Will the Metaverse be a decentralized paradise or a centralized dictatorship?

If you allow them, Facebook, the corporate-owned social media giant, is getting ready to monitor you to the ends of the Metaverse and back. Last week, Facebook changed its name to Meta and announced plans to launch the Metaverse, a completely new method of interacting with and navigating the internet. Now that a multibillion-dollar corporate juggernaut is competing for control of the Metaverse, its future is even more uncertain.

Major businesses will very certainly have a significant part in how the Metaverse develops and evolves, whether we like it or not.
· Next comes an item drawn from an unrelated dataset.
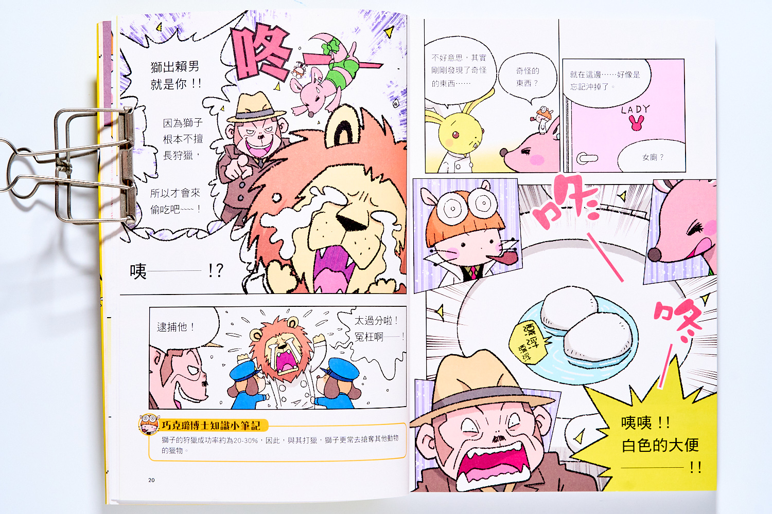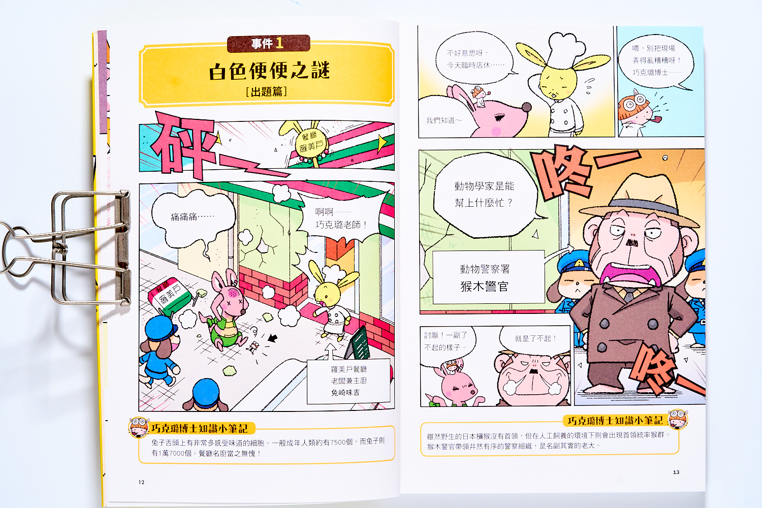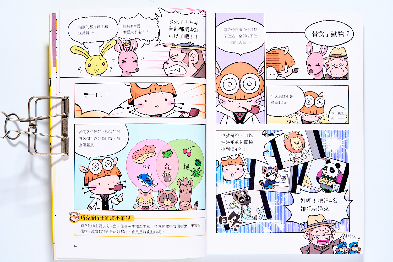 像是一開始的『白色便便之謎』就是兔子老闆的餐廳發生的肉排偷吃事件,倉鼠就運用動物的食性,再結合特定肉食動物的習性,最後找出白色便便的犯人。
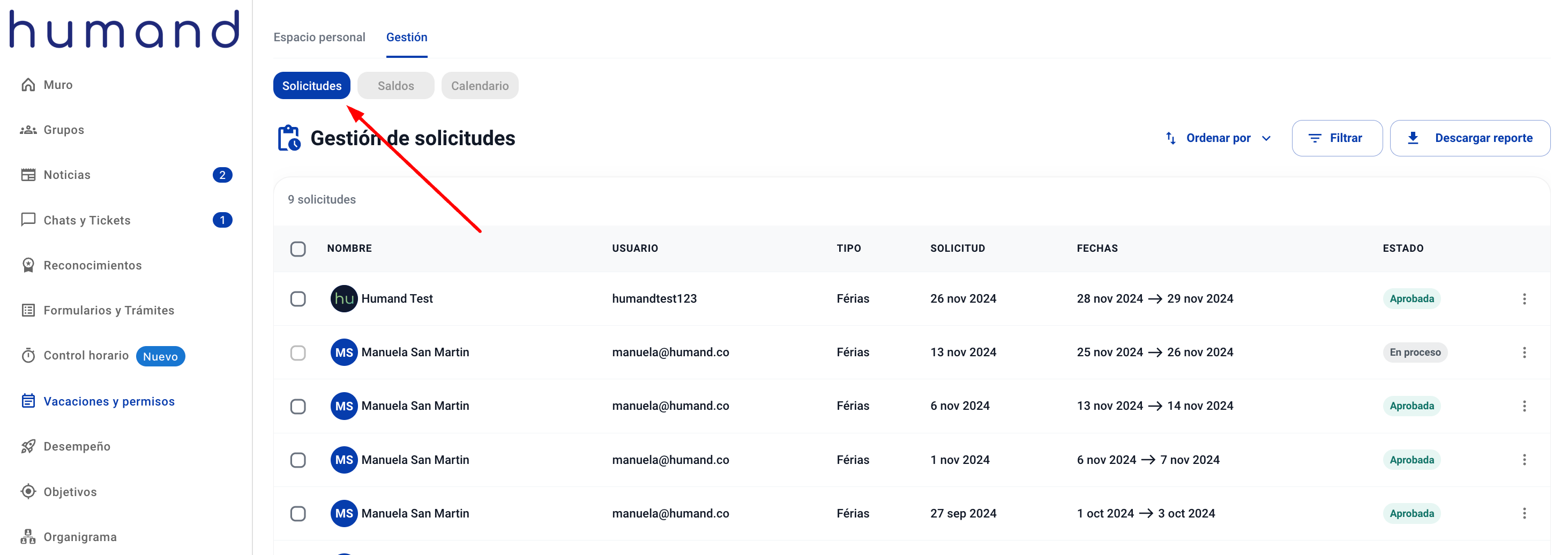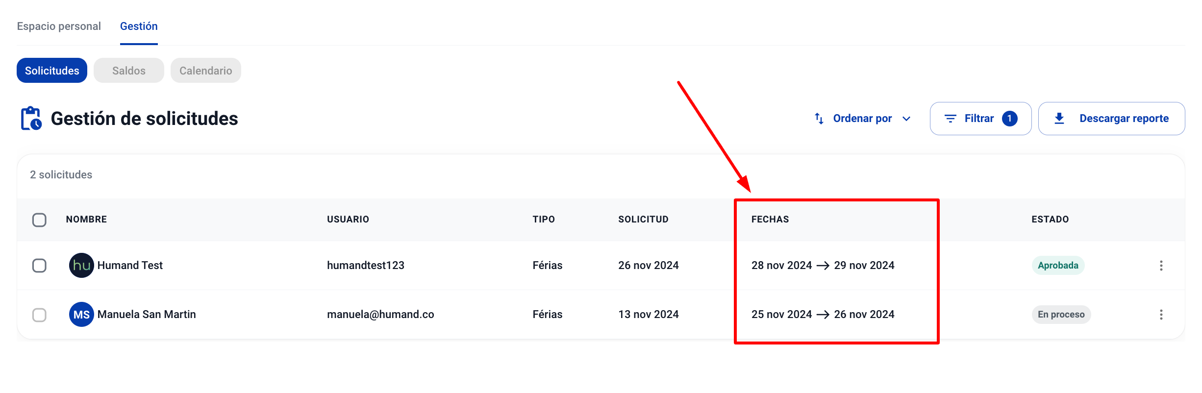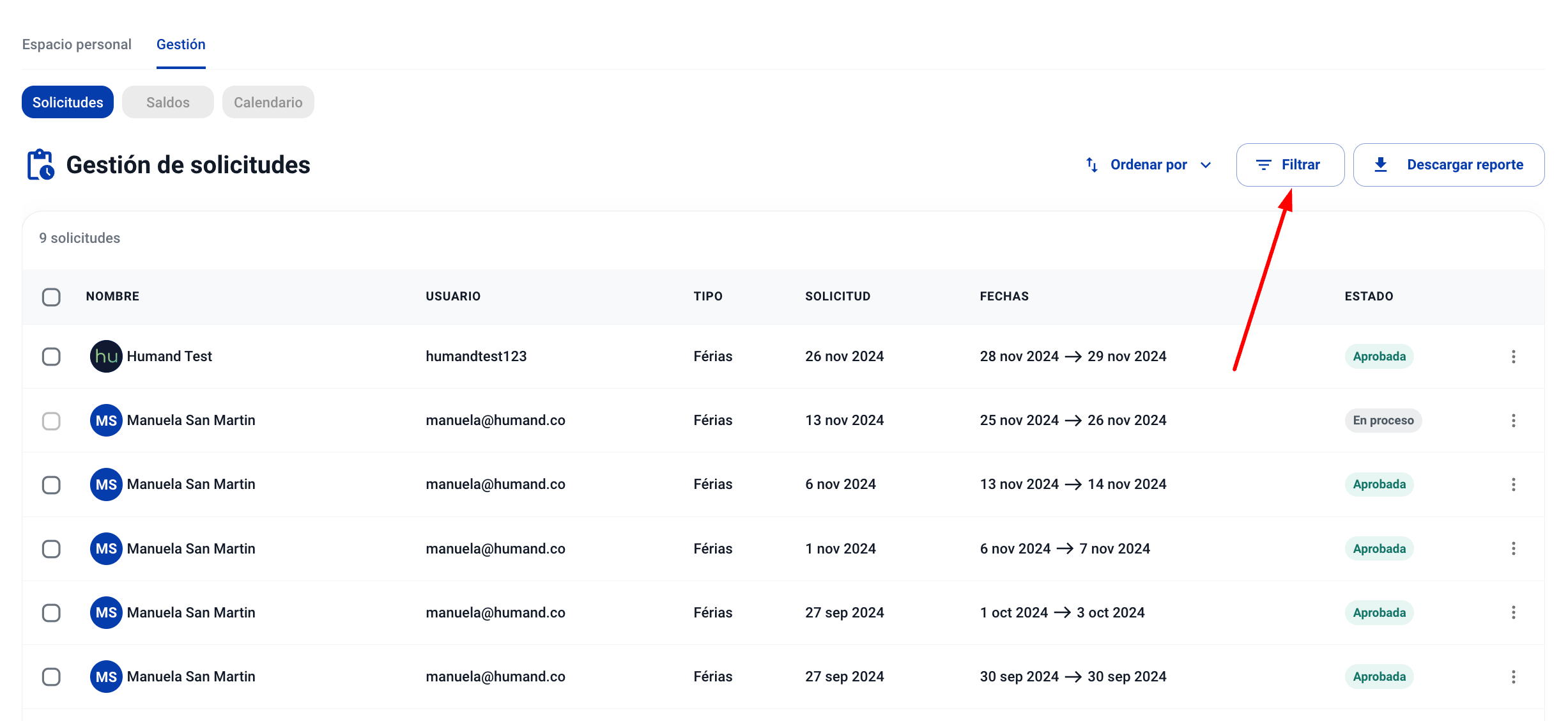 С приложението Humand можете да преглеждате и управлявате заявките на служителите. Можете също така да ги филтрирате според нуждите си, докато ги управлявате. За да ги филтрирате по период на заявката, следвайте стъпките по-долу:

Will it, however, suffer from the same issues as today's social media behemoths do, or will decentralized platforms and services take center stage?

The creation of a digital walled garden

Meta founder and CEO Mark Zuckerberg revealed intentions to spend $10 billion this year alone on the construction of the Metaverse — a network of linked digital experiences, services, and platforms that seamlessly mix with the real world — during last week's Facebook Connect conference.

However, as Facebook has demonstrated time and time again, such as when it backtracked on its promise to not require a Facebook account to use its Oculus devices, the Metaverse will very probably be subject to rigorous restrictions. Ecosystem lock-ins, after all, are a tried-and-true strategy to compel sustained involvement while isolating competitors.

Given that Zuckerberg has described the Metaverse as the "next generation of the internet," with hundreds of millions of users, it seems doubtful that a corporate behemoth with shareholders to appease won't do all in its power behind the scenes to put Meta at the heart of the Metaverse.

The Metaverse stands to become a pervasive media that most internet-savvy persons will engage with to some degree as a large, forthcoming terrain that will undoubtedly provide new methods to create, communicate, and work online.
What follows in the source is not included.